At that time, the early 1960s, long hair on a man was considered absolutely outrageous.
_____ (Q) Indeed, it’s no coincidence that they arrived at the time in which the women’s movement was just beginning in the culture.
_____ (R) Very quickly the Beatles changed the way men looked, the way men thought about the way they looked and, ultimately, our ideals of masculinity.
_____ (S) The Beatles also galvanized women.
_____ (T) After the Beatles came to America, that model was washed out forever.
_____ (U) Before they arrived, the model for maleness in the culture, for lack of a better term, consisted of people like John Wayne and Gary Cooper.
Chinese script was used by the intelligentsia of the country, but being of foreign origin, it could not fully express the words and meaning of Korean thoughts and spoken language.
_____ (Q) King Sejong felt great sympathy for the people.
_____ (R) What he envisioned was a set of letters that was uniquely Korean and easily learnable, rendering it accessible and usable for the common people.
_____ (S) Therefore, common people with legitimate complaints had no way of submitting their grievances to the appropriate authorities, other than through oral communication.

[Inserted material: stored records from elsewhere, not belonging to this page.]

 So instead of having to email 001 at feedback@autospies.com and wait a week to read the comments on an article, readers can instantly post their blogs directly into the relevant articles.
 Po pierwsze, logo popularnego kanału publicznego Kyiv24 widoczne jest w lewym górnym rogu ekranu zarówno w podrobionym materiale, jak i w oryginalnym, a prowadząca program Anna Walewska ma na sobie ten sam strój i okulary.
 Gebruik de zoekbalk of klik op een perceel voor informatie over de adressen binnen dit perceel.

_____ (T) Furthermore, they had no way to record for posterity the agricultural wisdom and knowledge they had gained through years of experience.
_____ (U) As a revolutionary ruler strongly dedicated to national identity and cultural independence, he immediately searched for solutions.

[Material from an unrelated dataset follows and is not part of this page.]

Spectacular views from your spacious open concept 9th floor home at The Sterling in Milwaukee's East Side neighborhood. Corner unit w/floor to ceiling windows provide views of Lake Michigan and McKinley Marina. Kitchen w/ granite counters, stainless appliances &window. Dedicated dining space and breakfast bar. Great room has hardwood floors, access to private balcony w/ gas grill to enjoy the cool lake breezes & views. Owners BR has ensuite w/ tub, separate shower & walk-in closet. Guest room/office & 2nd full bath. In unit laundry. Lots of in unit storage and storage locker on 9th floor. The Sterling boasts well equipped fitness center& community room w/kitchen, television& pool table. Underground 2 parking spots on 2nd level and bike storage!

Before there was money, as we know it, there was barter.
_____ (Q) Gradually, therefore, people began exchanging items that had no intrinsic value, but which had only agreed-upon or symbolic value.
_____ (R) Early in pre-history, some people made a fundamental shift in what they chose to use for proto-money.
_____ (S) Forms of proto-money included cacao beans for Aztecs, butter for Norwegians and early U.S. colonists used animal hides (settlers traded deer hides -- the origin of our modern word for money: "bucks").
_____ (T) Some items, such as arrowheads, salt and animal hides, were useful in and of themselves and therefore not perfect as money.
_____ (U) People, however, developed forms of proto-money -- the use of commodities that everyone agreed to accept in trade.
Maria agreed to work as a private tutor, setting aside money to pay Bronya's tuition at medical school and as soon as Bronya could, she would help subsidize Maria's education.
_____ (Q) For the next three years she worked as a well-paid governess.
_____ (R) After two years of teaching various subjects to children from wealthy families, Maria realized she was not saving money efficiently enough.
_____ (S) Her charges were the children of an agriculturist who ran a beet-sugar factory in a village 150 kilometers north of Warsaw.
_____ (T) He encouraged his older daughter to assist Maria, even though he knew the czarist authorities equated such activity with treason.
_____ (U) Maria felt a kinship with her employer when he permitted her in her spare time to teach the illiterate children of his peasant laborers.